September 2013

Pub Perspective: Consistent transit policy eludes administration

by Frank Di Giacomo, Publisher

Parts of the Obama Administration seem to ignore each other when it comes to actions that support greater investment in public transportation.

On overall funding and general rhetoric, there has been no greater friend of our industry than this administration. It has advocated for record amounts of funding and done everything possible despite an extremely divided Congress to ensure that the federal transit program stays alive.

Divided government

Yet the administration itself is sometimes its own divided government. Two recent examples stand out. First, the FTA simply refuses to back down or reconsider its unprecedented application of Buy America rules to utilities relocation. Whether or not you believe that this area of major projects should have been under the Buy America umbrella all along, it is clearly a new interpretation of these rules. The FTA says it is following new parts of MAP-21, but the Federal Highway Administration decided to issue a generous waiver. Clearly, the FTA could have found a way to do something similar.

The other example is how FTA and the Department of Labor (DOL) have been enforcing 13(c) labor protection rulings. States and cities are under pressure to reduce budgets in the wake of the recession, especially in how they fund future pension obligations, and they have made some reforms of their pension and retirement health care plans. Usually, these require workers to contribute more to their retirement. However, the administration says that some of these reforms violate labor protection laws and in some cases, most notably in California, the FTA and DOL held up grants. As a result, transportation systems across California and other states could have faced huge service cuts and the delay or cancellation of major capital projects.

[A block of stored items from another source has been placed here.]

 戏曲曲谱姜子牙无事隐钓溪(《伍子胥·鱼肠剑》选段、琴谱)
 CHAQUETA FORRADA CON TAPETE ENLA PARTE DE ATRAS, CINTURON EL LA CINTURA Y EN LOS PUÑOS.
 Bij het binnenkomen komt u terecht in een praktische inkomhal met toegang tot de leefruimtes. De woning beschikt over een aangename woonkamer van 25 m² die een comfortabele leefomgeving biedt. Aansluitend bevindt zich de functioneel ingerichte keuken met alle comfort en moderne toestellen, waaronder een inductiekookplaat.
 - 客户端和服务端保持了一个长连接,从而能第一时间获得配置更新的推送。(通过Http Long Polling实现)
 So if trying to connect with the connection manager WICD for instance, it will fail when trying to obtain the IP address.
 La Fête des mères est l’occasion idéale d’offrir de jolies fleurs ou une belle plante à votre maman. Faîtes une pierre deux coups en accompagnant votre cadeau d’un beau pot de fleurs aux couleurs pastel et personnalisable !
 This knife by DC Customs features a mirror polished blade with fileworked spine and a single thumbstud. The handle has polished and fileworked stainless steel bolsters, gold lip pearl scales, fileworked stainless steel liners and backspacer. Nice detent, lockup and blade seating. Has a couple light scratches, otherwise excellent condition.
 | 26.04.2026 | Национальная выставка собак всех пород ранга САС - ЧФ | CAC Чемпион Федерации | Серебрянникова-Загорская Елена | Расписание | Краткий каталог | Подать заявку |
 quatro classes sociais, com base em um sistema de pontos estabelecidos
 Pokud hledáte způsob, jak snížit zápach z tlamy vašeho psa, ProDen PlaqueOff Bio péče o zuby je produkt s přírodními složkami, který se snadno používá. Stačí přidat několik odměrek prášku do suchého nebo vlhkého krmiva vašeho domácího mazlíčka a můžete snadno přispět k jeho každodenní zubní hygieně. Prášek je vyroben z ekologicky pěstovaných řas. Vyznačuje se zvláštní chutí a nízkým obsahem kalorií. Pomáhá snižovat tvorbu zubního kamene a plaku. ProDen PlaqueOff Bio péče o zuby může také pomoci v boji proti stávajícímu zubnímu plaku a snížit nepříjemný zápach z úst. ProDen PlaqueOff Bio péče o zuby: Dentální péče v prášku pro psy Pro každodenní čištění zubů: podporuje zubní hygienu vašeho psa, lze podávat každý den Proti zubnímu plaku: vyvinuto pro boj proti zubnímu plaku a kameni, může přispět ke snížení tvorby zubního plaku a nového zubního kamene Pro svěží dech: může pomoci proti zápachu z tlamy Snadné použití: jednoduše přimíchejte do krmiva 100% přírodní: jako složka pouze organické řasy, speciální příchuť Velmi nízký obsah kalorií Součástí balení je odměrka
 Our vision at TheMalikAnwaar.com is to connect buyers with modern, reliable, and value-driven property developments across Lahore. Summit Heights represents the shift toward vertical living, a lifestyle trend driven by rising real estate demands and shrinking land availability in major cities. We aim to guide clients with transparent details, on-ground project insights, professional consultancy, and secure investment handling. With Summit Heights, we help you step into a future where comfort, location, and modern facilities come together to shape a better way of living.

Fortunately, a deal was reached in the 11th hour between the administration and the California officials, which suspended this decision pending the passage of new legislation in California that temporarily exempts public transit workers from the earlier law. It should have never gotten this far; almost $2 billion in projects were on the verge of being suspended, and other systems still face similar threats.

Actions contradict desire
The administration needs to understand that these and many other actions contradict the president’s repeatedly stated desire to see public transportation grow and be part of needed economic change in the U.S. We in the industry and through our associations need to get them to understand this current disconnect, and have a process to avoid them in the future. The only place that can happen is at the White House — because agency officials are not listening.